Une économie de la médiation dans une société de clivages
Dans les sociétés modernes, trois espaces sont en tension :
•L’espace politique qui construit une communauté d’appartenance, faisant
appel à la figure du citoyen avec des droits politiques basés sur des phénomènes
de domination et de consentement,
•L’espace de la vie privée et l'épanouissement d'un sujet libre,
•L'espace du marché dont la tendance naturelle est de transformer le sujet
en marchandise, en chose.
L'économie sociale et solidaire, en constituant des groupes intermédiaires
pour éviter d'être seul face au pouvoir politique ou de devenir un instrument
de production, est une protestation permanente face au risque d'éclatement
de la société. L’ESS, avec pragmatisme, est guidée par l'utopie de la
réconciliation possible du sujet, du producteur et du citoyen.

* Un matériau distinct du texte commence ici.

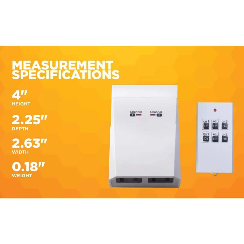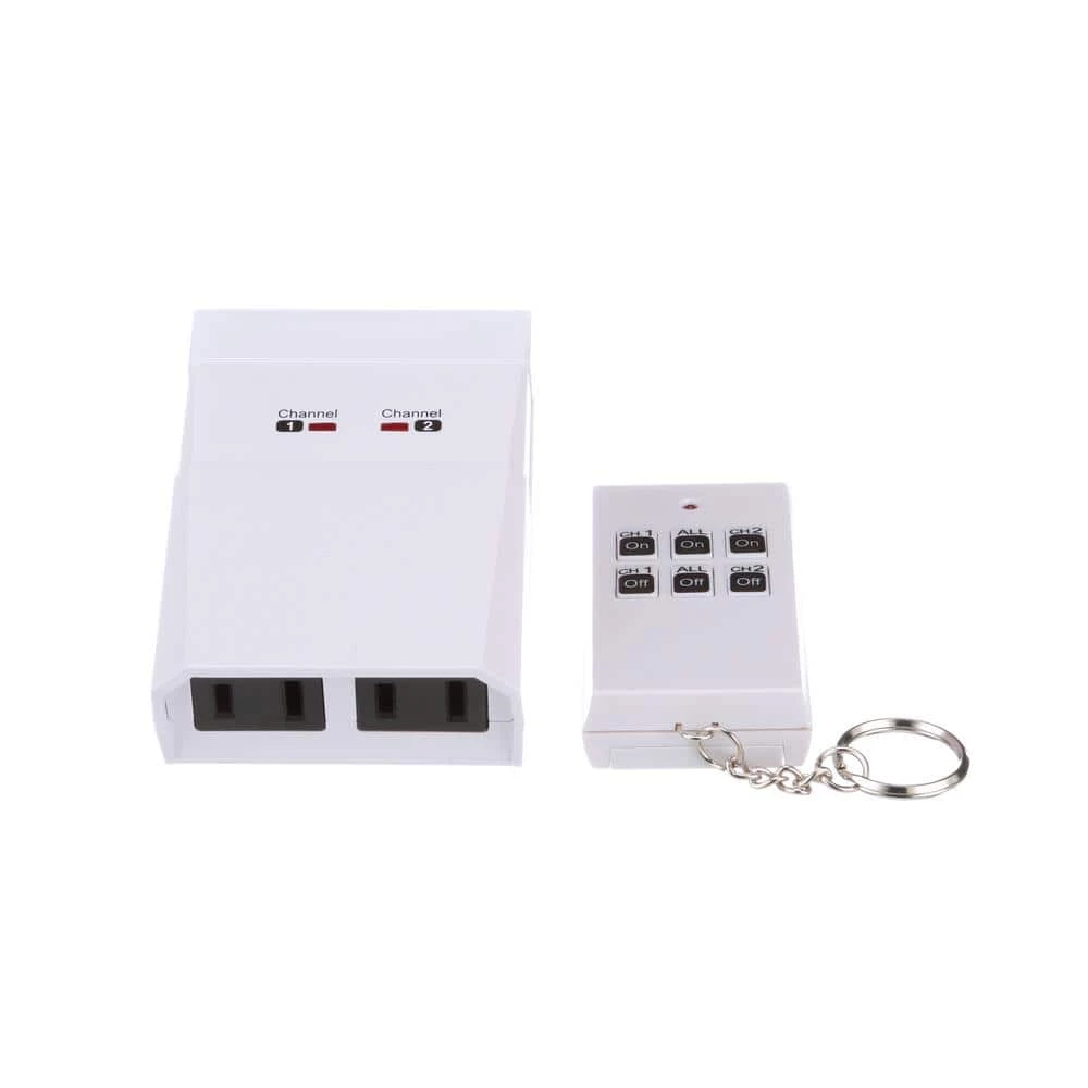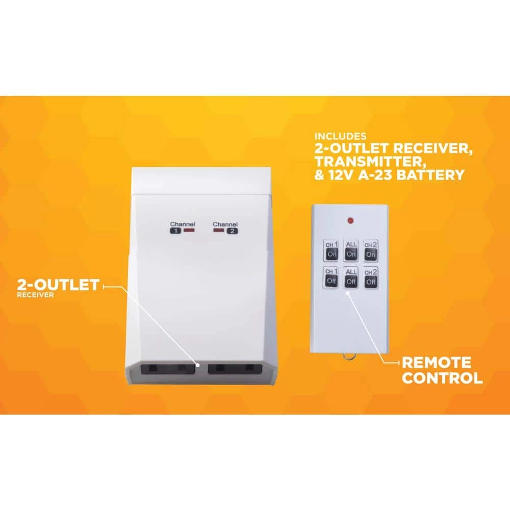 - Includes a 2-outlet receiver, transmitter and 12-Volt A-23 battery

Dans une société de clivages, la suppression du capitalisme et de l’Etat ne
paraissant pas des hypothèses réalistes, Robert Lafore invite à renoncer à
penser l'économie sociale et solidaire comme un modèle pur et global en
capacité de remplacer les systèmes actuels.

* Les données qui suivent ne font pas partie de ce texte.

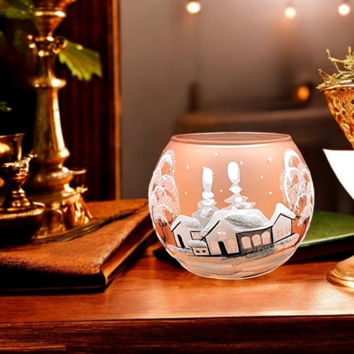 • Handcrafted In L’Viv Oblast, Ukraine• Mouth Blown Glass• Hand Painted – Stencil Free• Etched Out Windows Allow You To See Right Inside When The Candle Is Lit – Truly Beautiful• Wraparound Design Means There’s Always Something To See• Individually Boxed (A Unique Piece Of Glass Art In Every Box)• Small is Approximately 2″ Tall and 2.5″ Wide• Ships From Greensburg, PA• 1 Day Order Processing• A Gift That Will Be CherishedBrighten your space with the enchanting glow of our hand-painted blown glass candle holders. Featuring a intricate White Cottages design, each piece is a testament to exquisite Ukrainian craftsmanship. Perfectly sized for tea lights, this unique holder adds a touch of elegance and artistry to any room. Whether you’re seeking a centerpiece for a cozy evening or a thoughtful gift, this candle holder brings warmth and beauty to your home decor. This candle holder can accommodate 1 tea light. Each piece is hand painted and we take great pride in our attention to details. Makes a wonderful gift, especially for those looking for something unique! Each of our blown glass pieces is hand painted with skill, precision and love. While some prefer to use battery operated candles the best results are achieved using a real candle**. These candle holders are designed to accommodate tea lights. Large about 4″ tall and 4.5″ wideMedium about 3″ tall and 4″ wideSmall about 2″ tall and 2.5″ wide **Please note the candle holders are hand painted on the outside, so please do not allow them to get wet as water can damage the finish. To remove any wax we suggest a plastic butter-knife or a finger nail to scrape and a napkin or towel to wipe the inside. Please be gentle. Perfect for Christmas, Easter, New Years, Birthdays, Anniversaries, Graduations, Valentine’s Day, Mothers Day, or celebrate a House Warming. Embrace the artistry of glass candle holder, a timeless handcrafted gift. Please allow for slight variances as each piece is unique, just like you. Note: The listed price is for a single candle holder Made In Ukraine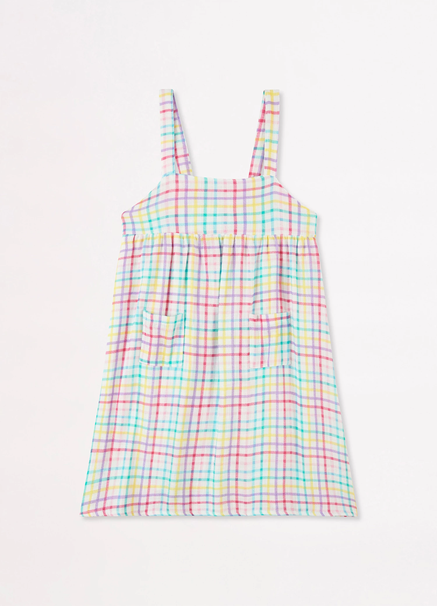 The Portifino Babydoll Pocket Dress for girls is a cotton beach dress perfect for summer days. The gathered skirt, patch pockets and wide straps that tie at the back create a fun and floaty beach dress for girls.Β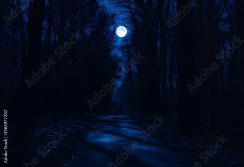 © Hamida, Obraz premium Moonlit Path Through a Dark Forest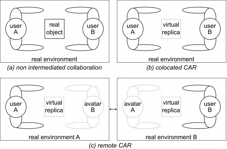 Collaborative augmented reality allows several users to collaborate on tasks involving digital twins, virtual replicas of real objects, augmented real objects, or virtual entities and metaphors (for example, by collaborating on the ubiquitous control of the virtual twin of a real factory synchronized in real time with the factory). Its users simultaneously perceive an environment that combines the real and the virtual, made up of their real environment and a shared virtual space, more commonly known as a metaverse. Employees can be in the same place with co-located augmented reality. Remote collaborators communicate in the form of realistic avatars that look like them, in addition to the voice transmitted by their augmented reality headsets. Figure 1 shows these three methods.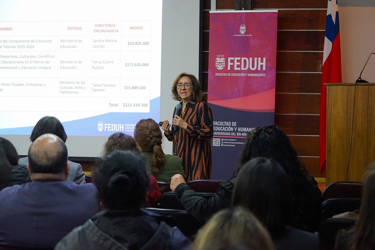 La decana de la Facultad de Educación y Humanidades de la Universidad del Bío-Bío, Dra. Fancy Castro Rubilar, presentó la Cuenta Pública correspondiente al período noviembre 2024-septiembre 2025, instancia en la que compartió con la comunidad universitaria y autoridades regionales los principales avances, logros y desafíos de su gestión al frente de la Facultad.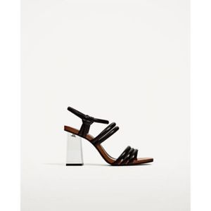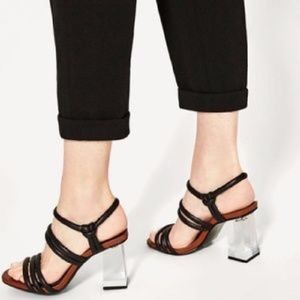 Zara Woman Black Leather with Methacrylate Heel Sandals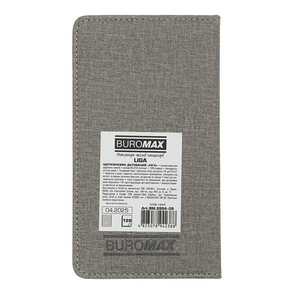 arrow_back_ios Щотижневик датов. 2026 кишеньк. LIGA, 85*153, сірий, штуч. шкіра/поролон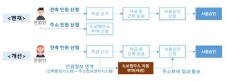 (조세금융신문=구재회 기자) 새로 지은 건축물에 대해 사용승인을 받을 때 앞으로는 별도로 도로명 주소를 신청하지 않아도 주소가 자동으로 부여된다. 국토교통부는 건축물 신축 시 착공 신고가 완료되면 건축주가 신청하지 않아도 지방자치단체가 알아서 도로명주소를 부여하도록 업무절차와 시스템을 개선했다고 8일 밝혔다. 국토부는 앞서 행정안전부와 협업해 주소정보관리시스템(KAIS)과 건축행정시스템인 '세움터'의 필수 정보를 연계하는 방안을 개발했다. 이에 따라 건축주가 착공신고를 하면 KAIS는 세움터로부터 인허가 정보를 전달받아 지자체 담당자에게 건물번호를 부여해야 한다는 알림을 보낸다. 알림을 받은 지자체 도로명주소 담당자는 직권으로 도로명주소를 즉시 부여한다. 아울러 도로명주소를 부여할 때 시작부터 완료까지 단계별 진행 상황을 건축주 등에게 문자메시지로 알려준다. 기존에는 지자체에 신축건물에 대한 사용승인 신청을 하기 전에 '도로명주소 부여'를 따로 신청해야 했다. 이를 모르는 민원인은 사용승인 서류만 작성해 구청 등을 방문했다가 도로명주소를 받아 다시 사용승인을 신청하는 과정에서 전체 진행 과정이 최대 14일 가량 지연돼 불편을 겪었던 것으로 전해졌다. [조세금

L'économie sociale et solidaire constitue plutôt un système de médiation et un
élément d'autorégulation de la
démocratie qui permettent de défendre
les intérêts collectifs face au pouvoir du
politique et de marché.
Redonner de la substance à l'action démocratique de
l'économie sociale et solidaire
Face aux tendances à l'instrumentalisation de l'ESS par l'Etat (par exemple
sur les mutuelles) ou par le marché (par exemple sur les coopératives), un
des grands enjeux de l'économie sociale et solidaire est de repenser son
action démocratique et ses modes de gouvernance. L'enjeu est de dynamiser
la logique ascendante par la mobilisation des usagers, des clients et du
bénévolat. Pour structurer le milieu, il y a nécessité de décloisonner, de
favoriser les passerelles et créer des lieux d'échanges entre les initiatives.

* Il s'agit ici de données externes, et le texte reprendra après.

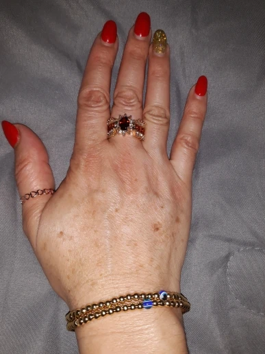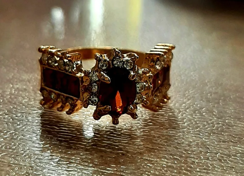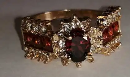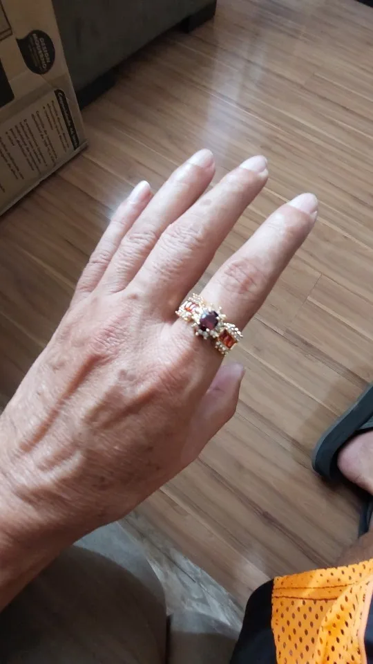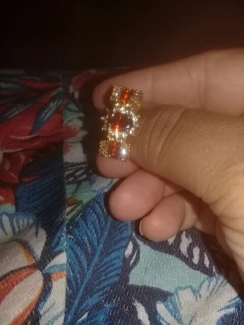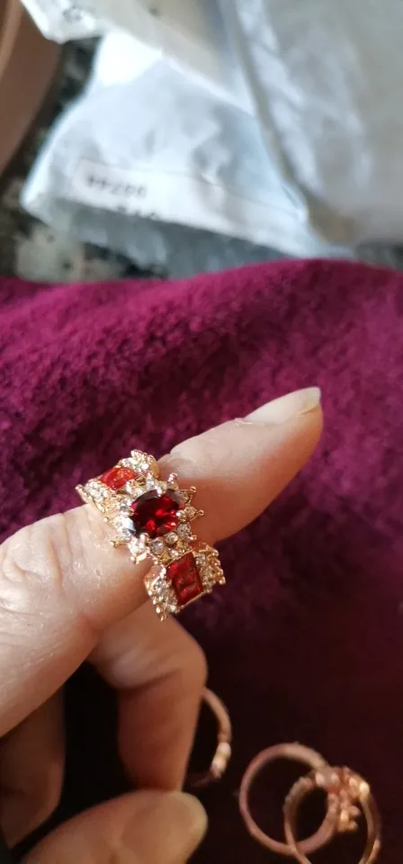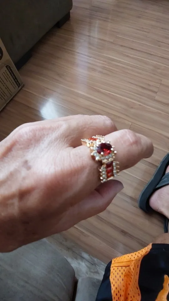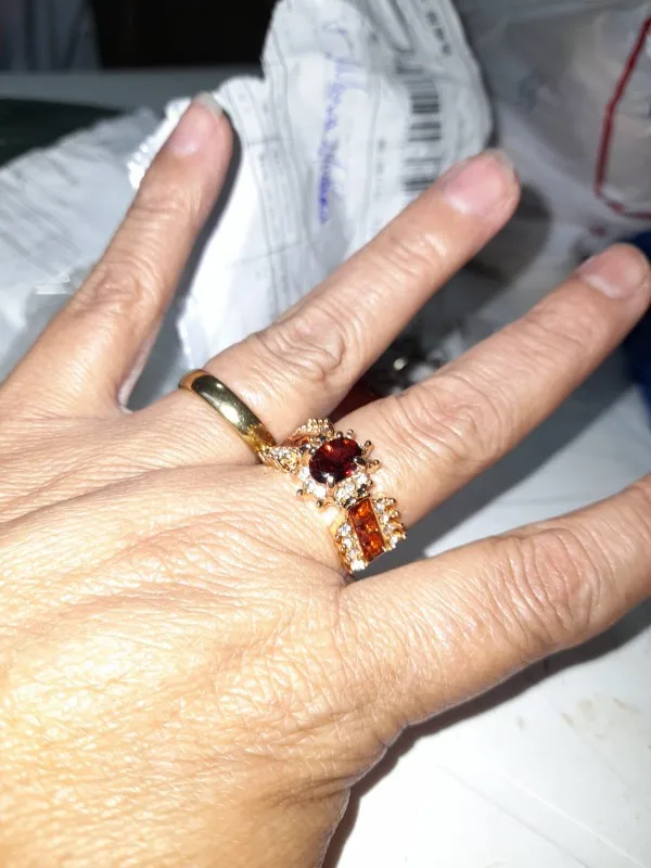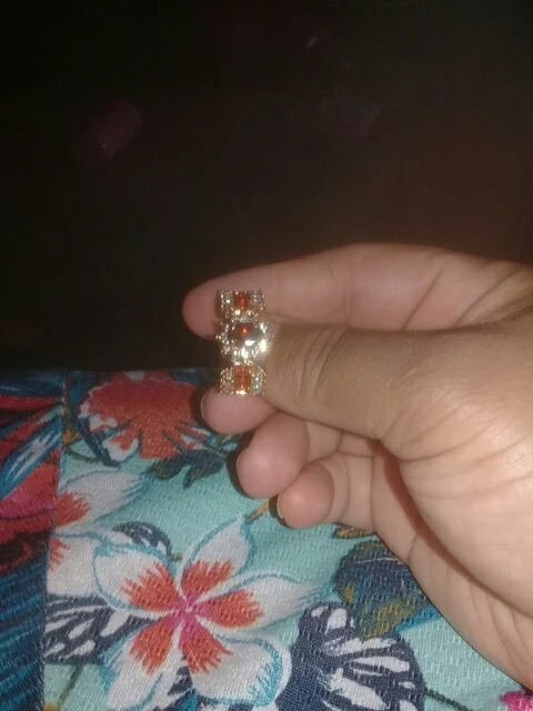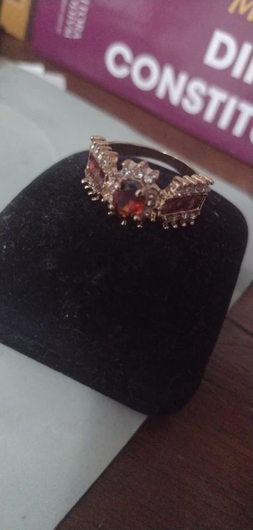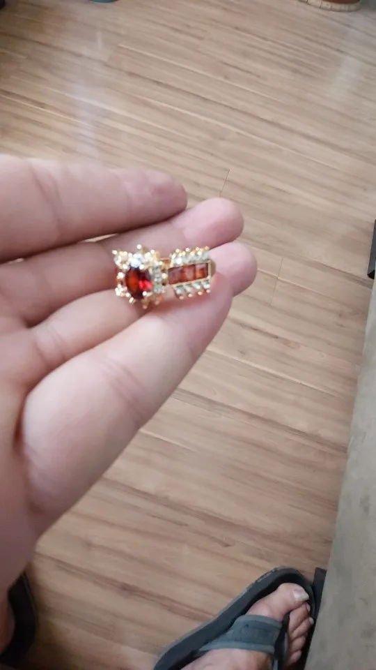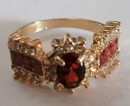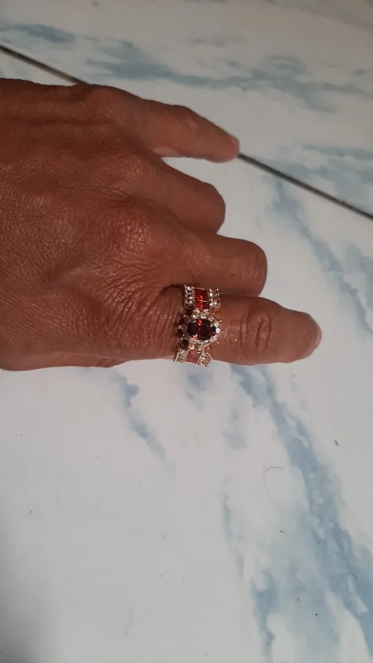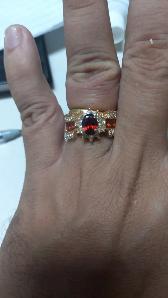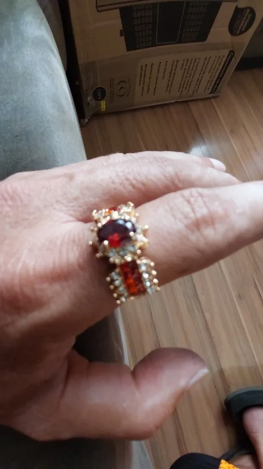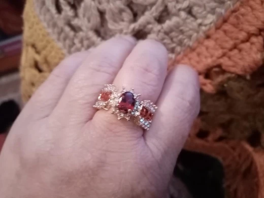 12 size, metal, stones more with orange shade, rather orange than red, quality

L'ESS ne doit pas être un adjuvant de la puissance publique
Dans un contexte de perte de confiance du citoyen vis-à-vis du politique et de
crise économique, l'économie sociale et solidaire peut proposer des espaces
de solutions et de médiation afin d’éviter la casse du sujet (exclu du système
au même titre que le producteur). Pour ne pas être instrumentalisé, l'ESS doit
défendre auprès de l'Etat une forme de souplesse et de liberté d'initiatives
pour pouvoir expérimenter.
L'économie sociale et solidaire doit, par ailleurs, lutter contre une vision
uniforme portée au niveau de l'Union européenne qui promeut le principe de
libre concurrence et qui a tendance à nier la façon de produire les biens et
services qui n'est, pourtant, pas neutre. Il s'agit ainsi de faire reconnaître
auprès des pouvoirs publics les apports des structures au-delà du service
qu'elles rendent. La reconnaissance des services sociaux d'intérêt général
dans la réglementation européenne est ainsi un enjeu majeur.